◆ Task description:
The material below holds pictures; leave them out and reproduce exactly the lines from the one with "Блюдо фарфоровое звездочка" through the one with "Para preparar los", inclusive.

◆ Dataset records:
════

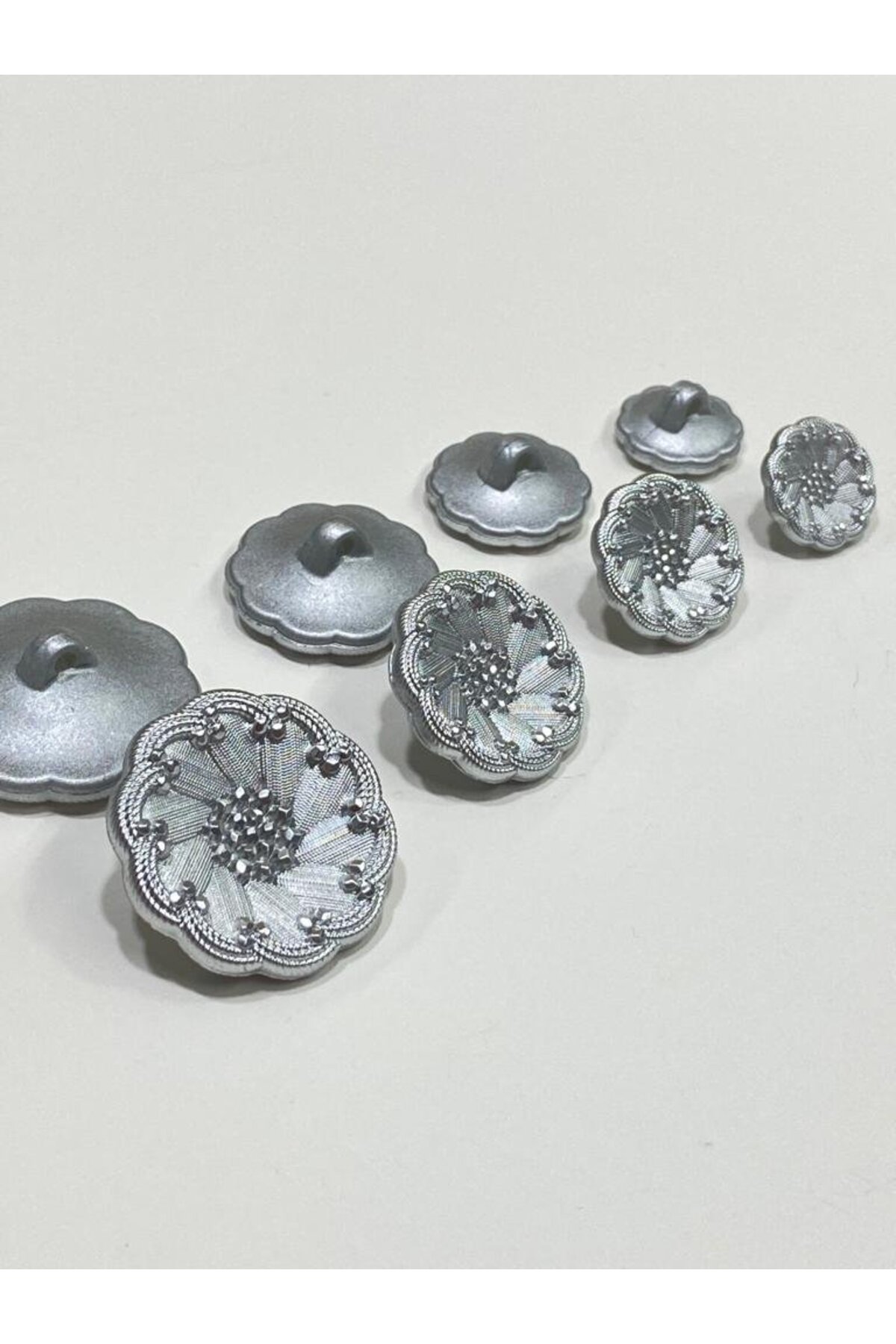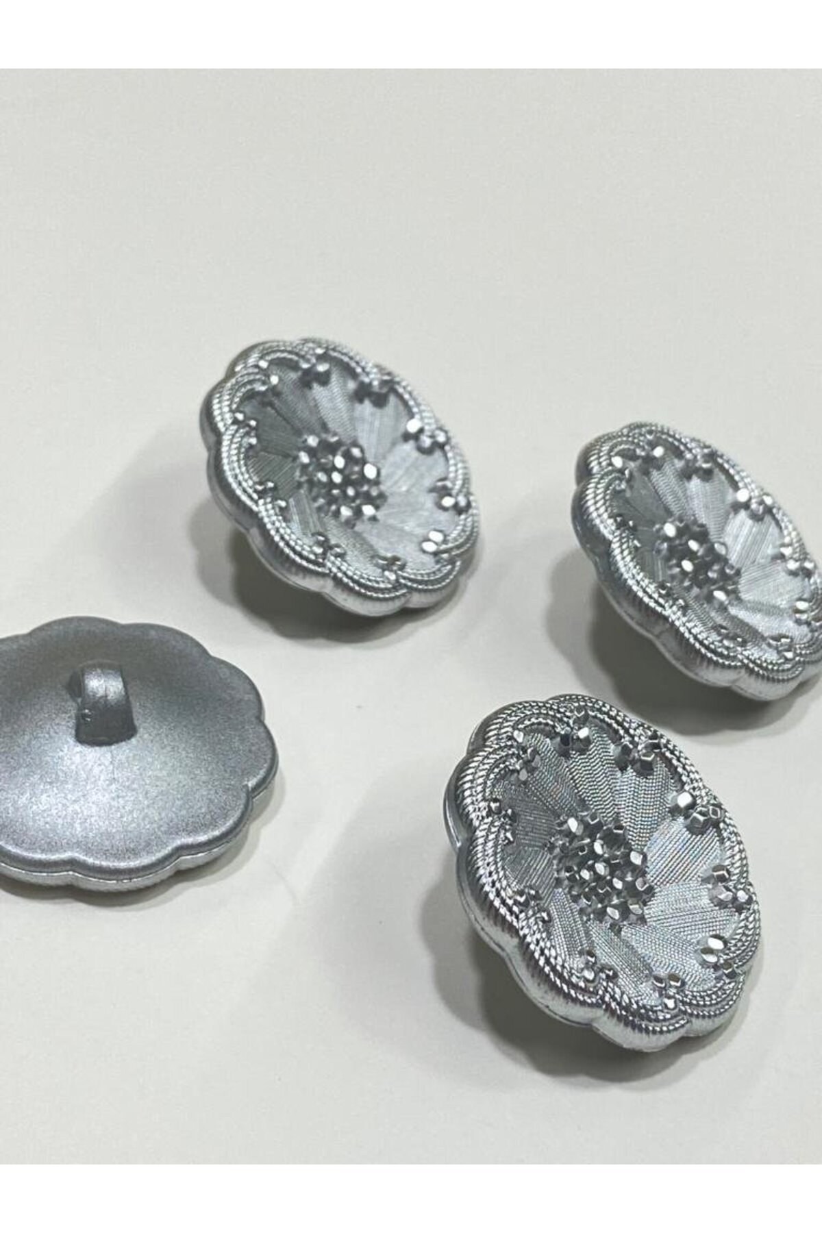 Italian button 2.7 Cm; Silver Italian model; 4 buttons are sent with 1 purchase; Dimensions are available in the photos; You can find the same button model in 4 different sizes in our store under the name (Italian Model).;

════

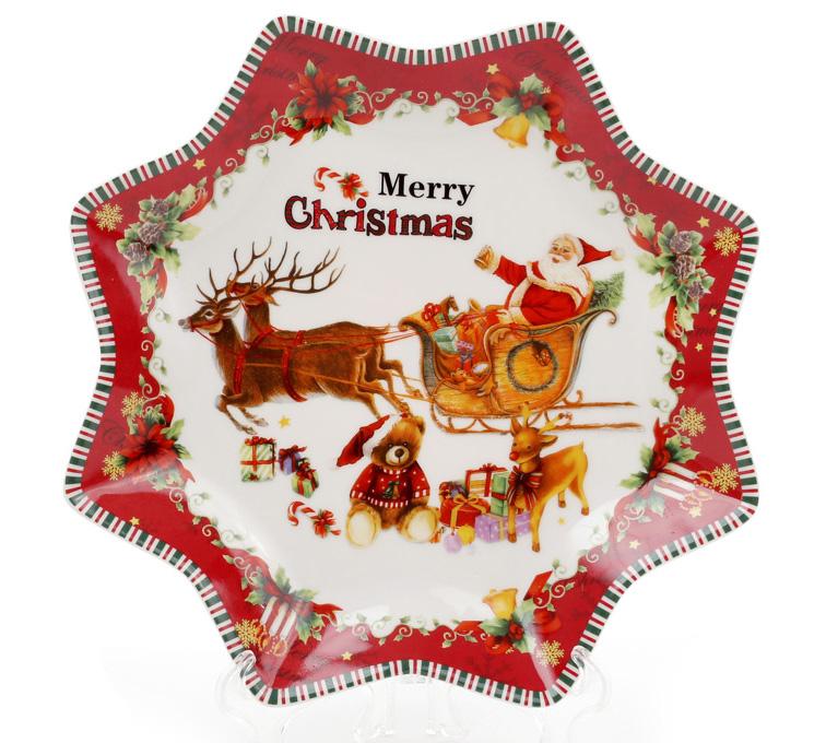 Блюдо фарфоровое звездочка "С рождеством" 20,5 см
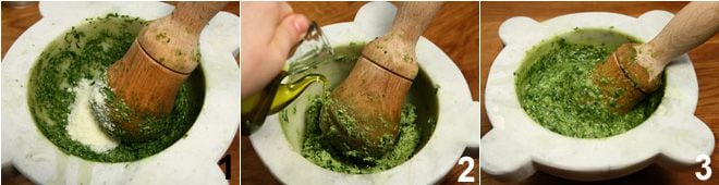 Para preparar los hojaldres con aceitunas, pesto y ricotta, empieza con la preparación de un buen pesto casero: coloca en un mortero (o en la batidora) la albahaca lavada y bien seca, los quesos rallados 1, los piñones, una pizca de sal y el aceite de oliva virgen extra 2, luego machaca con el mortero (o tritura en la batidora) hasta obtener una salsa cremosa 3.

════

◆ Answer to this exercise:
 Блюдо фарфоровое звездочка "С рождеством" 20,5 см
 Para preparar los hojaldres con aceitunas, pesto y ricotta, empieza con la preparación de un buen pesto casero: coloca en un mortero (o en la batidora) la albahaca lavada y bien seca, los quesos rallados 1, los piñones, una pizca de sal y el aceite de oliva virgen extra 2, luego machaca con el mortero (o tritura en la batidora) hasta obtener una salsa cremosa 3.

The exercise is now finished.